Sentou-se à sua escrivaninha, colocou uma nova folha em branco na máquina de escrever e começou uma carta de despedida para a sua mãe. Depois de acabar aquela carta, colocou outra folha em branco e começou a descrever a sua morte. Como no dia seguinte, 10 de agosto de 1962, iria para um lugar onde haveria uma ponte com uma distância bem alta, se olharmos para baixo, e, a partir daí, iria acabar com a sua vida, atirando-se daquela ponte, para que pudesse ver o seu pai novamente.

A máquina não aguentava mais receber toda aquela informação, ela gostava de Pardal, que tratava bem dela, gostava da sua maneira de escrever e não o queria ver ir embora.

Depois de escrever o último detalhe da sua morte, Pardal colocou a carta para a sua mãe num envelope e noutro a descrição do seu plano endereçado ao xerife. Decidiu ter o seu último sono, mas antes colocou uma nova folha na máquina, talvez por hábito.

Durante o último sono de Pardal, uma coisa estranha aconteceu. Na folha que Pardal tinha deixado na máquina de escrever começaram a formar-se as seguintes palavras:

“A beleza da tua escrita encanta-me! Nem o teu pai escrevia tão bem. Eu tenho a certeza que ele tem saudades tuas, mas para já ainda tens muito para escrever. A vida é cruel para algumas pessoas, pode desgastar a alma e até mesmo levar-te a pensar que já não tens alma. Acredita, vi muitos poetas e escritores a irem pelo mesmo caminho que tu. Tu não és aquilo que as pessoas escrevem sobre ti e tu sabes disso, a tua mãe sabe disso. O que seria dela sem ti para escrever os registos do inventário do bar? Ela dá muitos erros de gramática, eu sei, ela já passou as mãos por mim, mesmo dizendo tu que ninguém podia tocar na tua máquina de escrever. Escreve tu o teu destino. Já escreveste uma versão, mas eu não gostei muito dela. Escreve outra, uma mais bonita, com mais cores, não vejas tudo a preto e branco, apesar de escreveres nessas cores. A escrita é apenas um reflexo dos sentimentos de quem a escreve. Neste momento, os teus sentimentos são um pouco escuros, mas vão melhorar. Dizem que a esperança é para os tolos. Então escreve agora noutra folha: EU SOU UM TOLO!”

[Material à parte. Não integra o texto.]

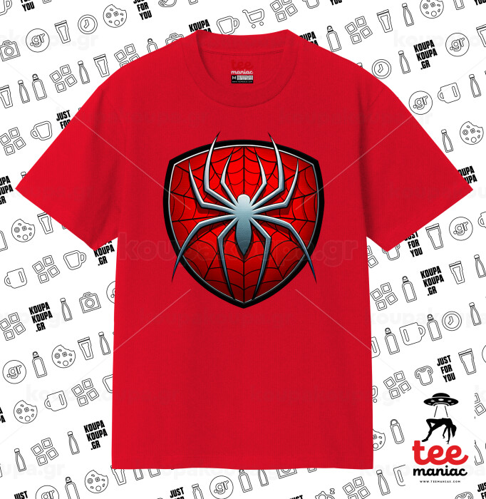 Spider-man, Κλασικό T-Shirt, διπλής ραφής, χωρίς πλευρικές ραφές ΚΟΚΚΙΝΟ από 100% βαμβάκι. Vegan & OEKO-TEX πιστοποιημένο.

Na manhã seguinte, Pardal acordou com a mesma ideia fixa na cabeça até olhar para a sua escrivaninha e notar uma folha já não mais em branco. Ele não sabe o que aconteceu durante aquela noite, mas queimou a carta de despedida e a carta do xerife. E noutra folha em branco escreveu: EU SOU UM TOLO!

Viveu muitos anos e para sempre carregou aquele bocado de folha e para sempre chamou ao acontecido naquela noite a revolta da máquina de escrever.